When the year 2000 finally arrived, I was disappointed. Science fiction got it all wrong. Where were the hover cars? Why didn’t we vacation in outer space? We were all worried about a silly millenium bug that was to take us back to 1900 when the clock struck 12. But I remember how uneventful it all seemed, despite some great fireworks shows. When the actual millenium shifted a year later, still no flash to a visionary future.
Just look at Arthur C. Clarke’s 2001: A Space Odyssey and the film version by Stanley Kubrick. Nothing looked like that in actual 2001 or even today.
The Eugenics Wars in the original 1960s Star Trek series–the wars that created Ricardo Montalban’s Khan who takes on Captain Kirk and gets banished to Seti Alpha V–were to happen sometime between 1993 and 1996 according to the original series.

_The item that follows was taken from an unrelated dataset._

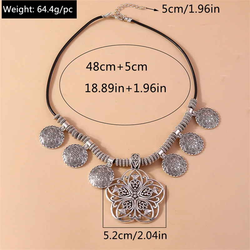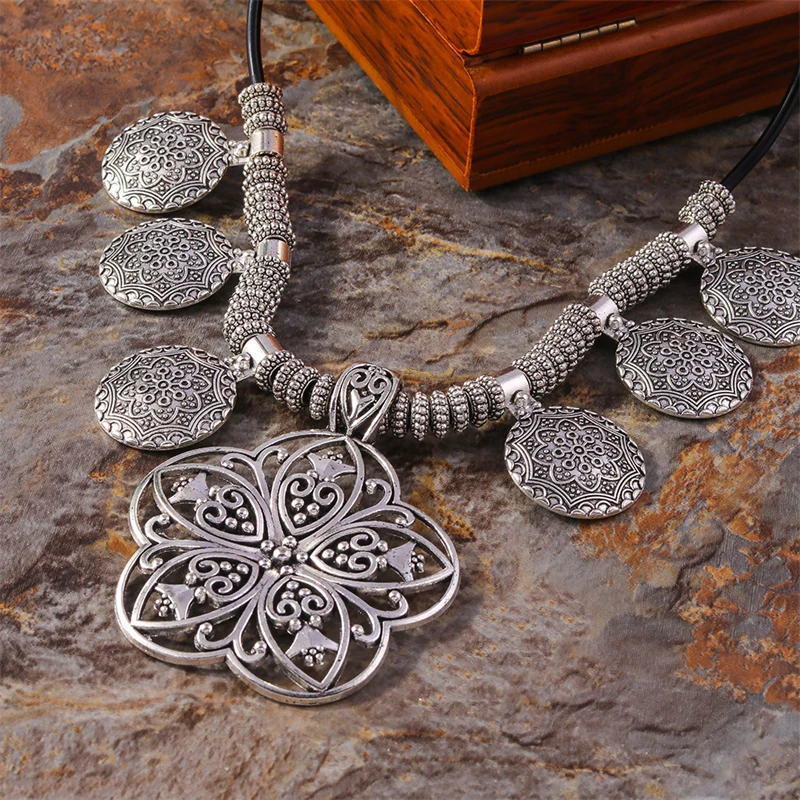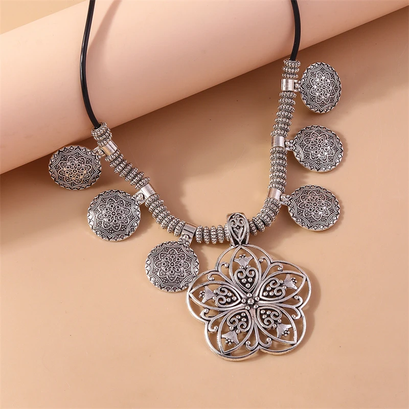 Ethnic Tibetan Silver Alloy Flower Pendant Necklace for Women Girls Party Holiday Jewelry Accessories
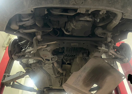 Au départ, le mécanicien pensait à un problème de cage à billes dans le demi-arbre, mais après inspection, il a confirmé que ce n'était pas le cas et qu'il s'agissait probablement d'un problème de boîte de vitesses. Il a ensuite soulevé la Passat pour examiner l'état du châssis.

The incredible world of future replicants created by Philip K. Dick took place in 1992, according to the original printing of his short story “Do Androids Dream of Electric Sheep?” that became Ridley Scott’s dark vision of the future, Blade Runner. We don’t have a robotic Sean Young around here today.
What went wrong?
To be fair, science fiction, more often than not, has laid the ground work for feats of reality unheard of and not dreamed of before science fiction writing put pen to paper (or finger to typewriter). Think in terms of Star Trek designer Rick Sternbach’s personal access data devices or PADDs, such as those used by Geordi LaForge in Star Trek: The Next Generation. Used in the series in the 22nd century we now get to use these regularly in the 21st century in the form of tablet computers or android phones.
Or tricorders–regularly used today in different forms but visually more advanced and smaller than those used on the original Star Trek, yet nearly the same in size as those created for Next Generation by Mr. Sternbach, and with incredible functionality. Just watch any doctor review surgery slides instantly sent from room to office and displayed so you can see immediately, and in real-time, recorded biological detail. Check out the photo below of one of two prototype Next Generation tricorders Sternbach created and compare it to a Paramount studio-production-made, original series type tricorder. Today, the latter tricorder looks more like an old fashioned brownie camera. Compare them to your hand-held android device or Blackberry and score one for future meets reality, or better yet, score one for science fiction visionary creating the future.
A great example of reality actually beating science fiction’s predictions can be seen in the Star Trek: The Next Generation episode “The Royale” that aired in 1988. The eloquent 22nd century Captain Jean-Luc Picard of the USS-Enterprise-D remarked that people had been trying to find the proof for Fermat’s Last Theorem for 800 years, including himself. Picard saw the riddle as a mental challenge, stating that “in our arrogance, we feel we are so advanced and yet we cannot unravel a simple knot tied by a part-time French mathematician working alone without a computer.”
“Fermat’s last theorem” was an algebraic statement proposed by Pierre de Fermat, a 17th century lawyer and amateur mathematician who was later praised by the likes of Newton and Pascal for his life’s work. Following Fermat’s death in 1665, a mathematic formula was found scrawled in the margin of his notes: “xn + yn = zn, where n is greater than 2,” which Fermat said had no solution in whole numbers, but he also added the phrase “remarkable proof.” The writers of Star Trek couldn’t predict that Andrew Wiles would create a proof for the theorem in 1993 (modified and generally accepted in 1995). Although Wiles’ proof could not have been the same as Fermat’s “remarkable proof,” here he beat the science fiction writer’s prediction, something that doesn’t happen so often. Public Television’s NOVA has a great interview with Wiles on its website.
Eclipsing the future (a figurative idea only, of course) was a result of a great deal of work by Wiles. Two accounts of Wiles’ path are worth pursuing further. The first is NOVA‘s documentary The Proof. The small community of mathematicians and physicists who experiment with math riddles is taken apart and revealed to the viewer, and what we see is frought with jealousy, ego, and near-schoolyard cattiness. But Wiles shines through, locking himself away, and seeming to be swallowed up by his passion for this riddle, he somehow emerges triumphant. You’ll find yourself cheering him on as the documentary progresses.
The second account is Simon Singh’s eminently readable “Fermat’s Enigma: The Epic Quest to Solve the World’s Greatest Mathematical Problem.” Singh discusses the history of math in an interesting way and explains the complexity of Fermat’s Theorem, and Wiles’ proof, in a way anyone can understand. You’ll find Andrew Wiles to be a champion in our time.